We also ran the sub-grouping analyses across stimulus genres (single vs mixed), finding no significant difference (Q(1) = 0.01, p = .9158). Both single-genre (r = 0.675 95% CI: 0.465, 0.813, n = 8) and multi-genre (r = 0.665, 95% CI: 0.508-0.779, n = 14) achieved similar results, although multi-genre studies exhibited slightly higher heterogeneity (\(\tau^2\) = 0.167) than single-genre studies (\(\tau^2\) = 0.137).
These comparisons of sub-groupings may also be influenced by other factors, such as whether the study utilised predictive or explanatory modelling framework. To address this, we used the type of journal in which each study was published as a proxy indicator for predictive or explanatory modelling, where we classified studies published in psychology journals as explanatory and those published in engineering journals as predictive2. Of the 22 regression studies, 13 were classified into predictive frameworks, yielding an average correlation of r = 0.656 (95% CI: 0.505–0.769). Studies with explanatory frameworks (9 in total) showed a similar overall correlation of r = 0.688 (95% CI: 0.468–0.827). No significant difference in model accuracy was observed between the two types of frameworks, Q(1) = 0.10, p = 0.748. More broadly, while the sub-groupings based on modelling techniques result in an uneven distribution of studies and observations, the two main sub-groupings presented in Table 2 highlight valuable differences in model performance across the studies.
Results for arousal
Moving on the arousal, we carry out the same meta-analytical analysis applying the random-effects model to arousal. Table 3 describes the broad pattern of results in tabular format, and Figure 3 illustrates the spread and heterogeneity of all studies for arousal. The overall correlation across the studies using the best performing model out of each study (Max) is 0.809 (95% CI: 0.740-0.860). If we examine all the models reported in each study, the correlation drops marginally, to 0.791 (95% CI: 0.770-0.810), despite this analysis including about four times as many models as taking the best model out of each study. For arousal, even the baseline models seem to perform at a relatively high level.

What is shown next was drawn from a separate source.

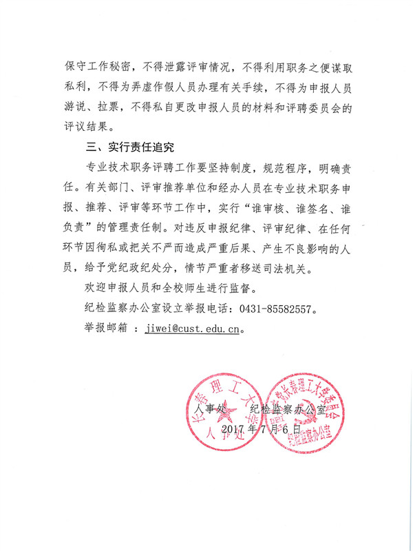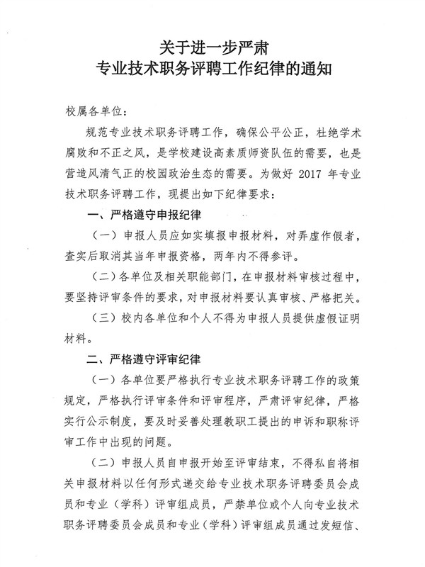 关于进一步严肃专业技术职务评聘工作纪律的通知

Quantifying study heterogeneity
For arousal, the indicators of heterogeneity are again high (\(\tau^2\) = 0.141 and \(I^2\)=97.9%), which suggests that summary may be misleading. However, the analysis of asymmetry does not reveal significant issues (Eggers test, \(\beta\) = 0.789 95% CI: -4.87-6.45, t = 0.273, p = 0.788). If we remove the studies that are outside the 95% CI in heterogeneity, this leaves 13 studies in the summary where r = 0.826 (95% CI: 0.806-0.845), \(\tau^2\) = 0.0042 and \(I^2\) = 76.8%. In other words, we observed no material difference to the results obtained with all 22 studies.
Table 3. Meta-analytic diagnostic for all regression studies predicting arousal from audio.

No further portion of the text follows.